HMAS Burdekin (K376) was a that served the Royal Australian Navy (RAN) from 1944 to 1946. She was named for the Burdekin River in Queensland and was one of twelve River-class frigates built for the RAN during World War II.

==Construction==
Burdekin was launched at Walkers Limited, Maryborough on 30 June 1943 and commissioned on 27 June 1944. Her patron was K. Collings, daughter of Senator Joe Collings, Minister for the Interior and Leader of the Government in the Senate.

==Operational history==
===World War II===
Burdekin was posted to New Guinean waters in October 1944. From November 1944 to May 1945, she escorted convoys travelling between New Guinea and the Philippines. In May 1945, she supported the Australian landing at Tarakan and carried out surveillance operations in the Borneo and Celebes areas.

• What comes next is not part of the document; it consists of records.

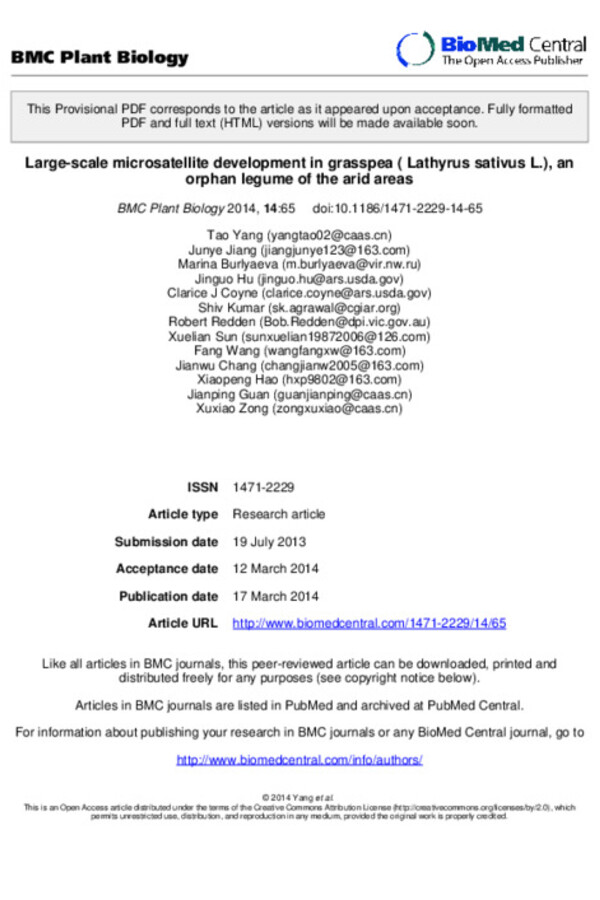 Large-scale microsatellite development in grasspea ( Lathyrus sativus L.), an orphan legume of the arid areas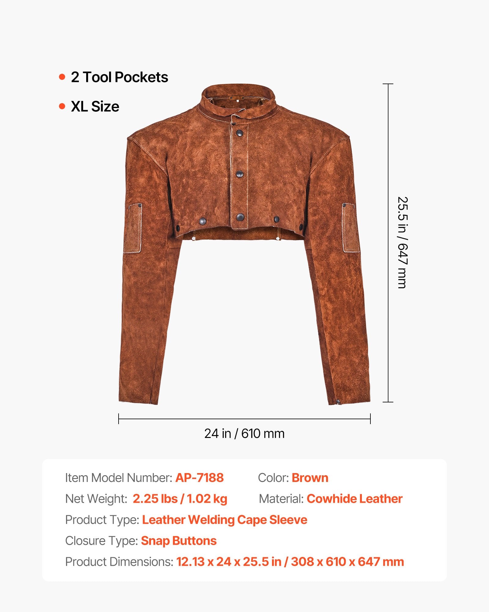 - Flambeständigt nötskinn: Tillverkat av kraftigt helnötskinn och sydd med stark, flambeständig kevlartråd. VEVOR svetsmantelhylsa garanterar hög hållbarhet och tillförlitligt skydd, vilket skyddar dig mot gnistor, lågor, värme och brandrisker.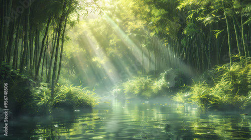 Thie bamboo forest with river and sun beams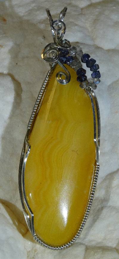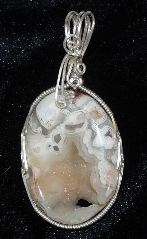 Crazy Lace with Druzy pocket -- Sterling Silver wrap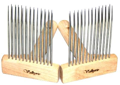"Peigner, c'est comme un peigne à cheveux, carder c'est comme la brosse, en schématisant très fort. D'un côté, avec le cardage, tu laisse tout l'air dans les fibres qui sont mise dans tous les sens, et au filage tu conserve cet air. D'un autre côté avec le peignage tu vas retirer toutes les fibres courtes et paralléliser les fibres longues qui restent. Au filage tu va accentuer cet aspect. Le résultat sera deux fils radicalement différents. Le fil cardé sera léger, moelleux et peu résistant à l'usure. Le fil peigné sera brillant, solide mais peu doux. "

The frigate was awarded the battle honours "Pacific 1944–45" and "Bornero 1945" for her wartime service.

===Post-war===
After a refit in Sydney, Burdekin operated in the Netherlands East Indies following the end of the war. The Japanese surrender of Dutch Borneo was accepted on board the ship by Major General Milford of the 7th Australian Division, on 8 September 1945 and the ship later participated in occupation duties off Borneo and Macassar.

==Decommissioning and fate==
HMAS Burdekin returned to Australia in January 1946 and was paid off from the RAN and placed in reserve on 18 April 1946.

She was declared for disposal on 9 November 1960 and sold for scrap to the Tolo Mining and Smelting Company of Hong Kong on 21 September 1961.